24 Mar

BY: Immaculate The Poetess
Does one heal?
Does the soul ever find peace
where the needle ache in the throat stop
when does the pain shoved down my throat stop
when do I finally feel myself breathe
Not a breath of a short sided relief
the breath that comes with the cold breath by edge of the mountain looking down the waves of the ocean
without that whistling sound
The whistling sound of engraving screams
The silent screams to jump over
When do the voices stop
I have a pen in my hand
But the end contract is blurry
Do I still sign?
Does ending the voices mean ending my life
Am I signing my death certificate?
Feels like watching one end of my grave being dug up while the other end the soil already reached my mouth
I can’t move an inch
This sounds like the deadliest silent scream
I have everything I ever wanted?
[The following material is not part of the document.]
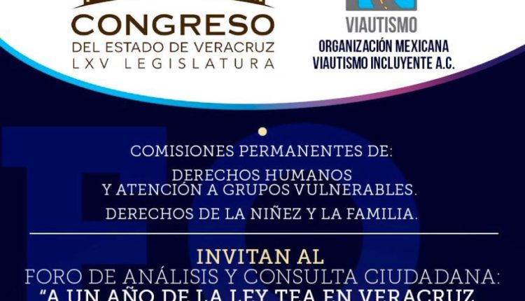 Este miércoles 4 de septiembre, en el Palacio Legislativo, se llevará a cabo el Foro de Análisis y consulta Ciudadana “A un año de la Ley TEA en Veracruz, avancemos hacia el reglamento”, a iniciativa de la organización mexicana Viautismo Incluyente AC, con el respaldo de las Comisiones Permanentes de Derechos Humanos y Atención a Grupos Vulnerables y de Derechos de la Niñez y la Familia.

I think
I’d like to believe so, not everything but some
Is it everything if the escape route leads me back to the hole I escaped at 18
Did I even get what I wanted if I end up back where the failed suicides attempts lay
Is this a scream for help ?
I don’t know but i know the boogie man was never under the bed
He was always where my mind is
And what scary is not that he comes at night
But that he seems to be one with my mind
The sad thing is watching the heart hope for a loophole in a system created by the boogie man himself.